- _Your task_: For this exercise, reproduce the entries below exactly, but only from the line containing "small stream of" through the line containing "The document discusses", both included.

- _Recorded data_:
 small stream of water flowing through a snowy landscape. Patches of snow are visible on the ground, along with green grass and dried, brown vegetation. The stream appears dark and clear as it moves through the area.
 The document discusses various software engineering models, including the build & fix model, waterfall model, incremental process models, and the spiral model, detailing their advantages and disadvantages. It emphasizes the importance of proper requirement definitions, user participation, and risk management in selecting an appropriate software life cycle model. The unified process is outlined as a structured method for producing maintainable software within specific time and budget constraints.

--

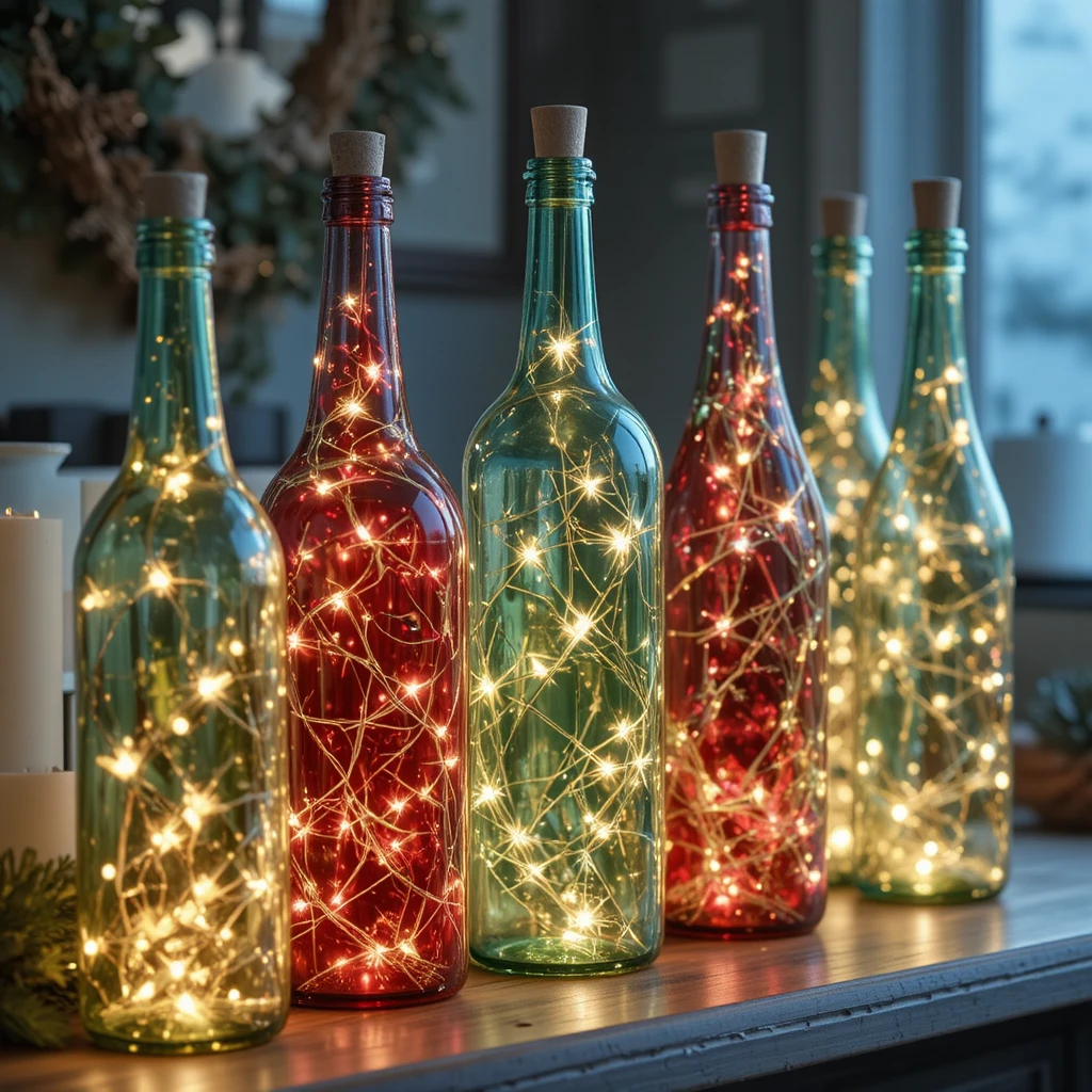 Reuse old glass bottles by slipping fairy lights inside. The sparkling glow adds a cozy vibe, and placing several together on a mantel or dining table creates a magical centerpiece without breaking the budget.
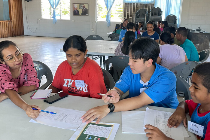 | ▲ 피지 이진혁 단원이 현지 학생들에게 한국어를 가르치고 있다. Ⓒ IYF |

- _Result for this task_:
 small stream of water flowing through a snowy landscape. Patches of snow are visible on the ground, along with green grass and dried, brown vegetation. The stream appears dark and clear as it moves through the area.
 The document discusses various software engineering models, including the build & fix model, waterfall model, incremental process models, and the spiral model, detailing their advantages and disadvantages. It emphasizes the importance of proper requirement definitions, user participation, and risk management in selecting an appropriate software life cycle model. The unified process is outlined as a structured method for producing maintainable software within specific time and budget constraints.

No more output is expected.